Sullivan used the homepage of the New York Times website on 27 April to show how topic modeling could go through and identify that one article was about student debt, law and graduation; another was on government debt, EU and the Euro; and a third discussed Greece, political negotiation and Greek finance ministers.
Topic modeling can also give a weight on the importance on each topic in each article. For example, the first article might be 50 per cent about student debt, 30 per cent about graduation and 20 per cent about law.
Some useful tools for topic modeling include Standford Topic Modeling Toolbox, Mallet (UMass Amherst), R package ‘topicmodels’ and Python package Gensim, Sullivan said.
“The Stanford and Mallet are Java-based tools. You don’t have to be a Java programmer, you can use these tools by running in the command line [versions],” he added.
One downside of topic modelling is that it’s not easily scalable, Sullivan said.
“If you are doing large document sets, one of the things you might want to do is use topic modeling for subsets or samples that have good representation of the entire set,” he said. “That might give you a sense of the topics, then you can do clustering to break them down in to smaller topics and do more detailed analysis on each of the clusters. That’s one way to deal with the scalability issue of topic modeling.”
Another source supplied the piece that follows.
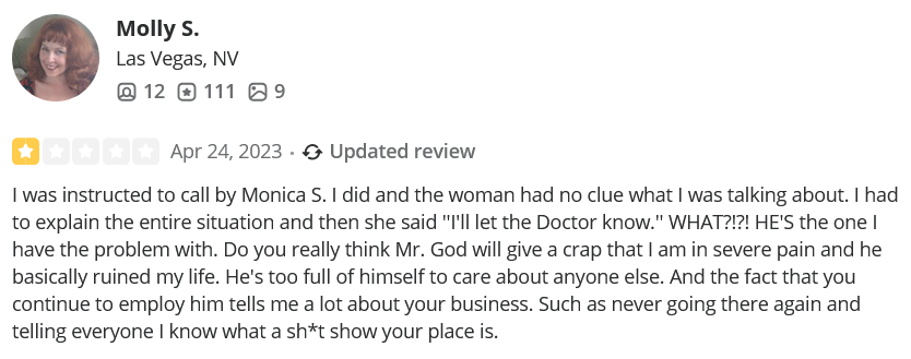 - Michael Rossidis (only 4 reviews on Yelp after 9 years as a doctor)

TF–IDF looks at how frequently a word appears in a document relative to the whole set of documents.
“Words that appear frequently in a lot of documents may not be very useful, like ‘the’, ‘a’. But if there are words that show up frequently in stories about the Greek debt crisis but not about something else like the elections, for example, then those are useful words to keep track of. And that’s what TF–IDF captures,” Sullivan explained.
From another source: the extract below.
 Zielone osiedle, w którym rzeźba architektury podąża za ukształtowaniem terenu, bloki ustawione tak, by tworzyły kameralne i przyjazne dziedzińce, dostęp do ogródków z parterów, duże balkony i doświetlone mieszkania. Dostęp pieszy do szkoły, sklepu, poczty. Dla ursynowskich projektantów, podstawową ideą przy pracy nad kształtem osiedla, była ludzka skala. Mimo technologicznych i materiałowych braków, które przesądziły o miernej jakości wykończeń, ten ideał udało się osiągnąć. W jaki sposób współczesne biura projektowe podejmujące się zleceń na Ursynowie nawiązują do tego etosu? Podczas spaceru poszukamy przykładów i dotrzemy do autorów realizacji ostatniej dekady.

This can be used to build classifiers or predictive models, he said. For example, a company that has about 10 years’ worth of customer call centre dialogue that has been transcribed into text could tap into this data and figure out what it all says. To do this, Sullivan said the calls could be classified into ‘conversations with customers about to leave’, ‘conversations with customers downgrading their service’, ‘conversations with customers upgrading their service’.
“We adjust weights based on how frequently terms appear in a particular document set. Then we take those features, so the words that show up frequently in a certain set, and they will be good indicators,” he said. “These weights of different words is what the machine learning algorithm uses to do the classification.
“We can take our new input and push it through, so we train our machine learning algorithm to classify these calls, then push it through this classifier model so we can identify them.”
Several machine learning algorithms can be used for classification, but Sullivan said ensemble methods or a combination of algorithms, are effective.
“The idea there is you train a bunch of classifiers and then essentially they vote on it and you take the majority answer,” he said. “Heterogeneous ensemble algorithms use a combination of different kinds. So you might take a SVM [support vector machine], a perceptron, a nearest centroid, a naïve bayes [cluster classifier] and combine those results.
“They can give you better results because each of these algorithms have their own strengths and weaknesses. You want algorithms that complement each other – where one is weak the other is strong.”
This can also ensure quality and accuracy of a classifier against making too many wrong predictions, Sullivan said. A “rough” idea of what accuracy score to aim for in terms of precision and recall is 0.8 or above, he said. Below this, the model parameters need tweaking or feature selection and data quality need to be revisited.
Sullivan cautioned TF–IDF can be a “crude” analytics practice because it throws away a lot of information on syntax and words that are semantically similar, such as hotel and motel.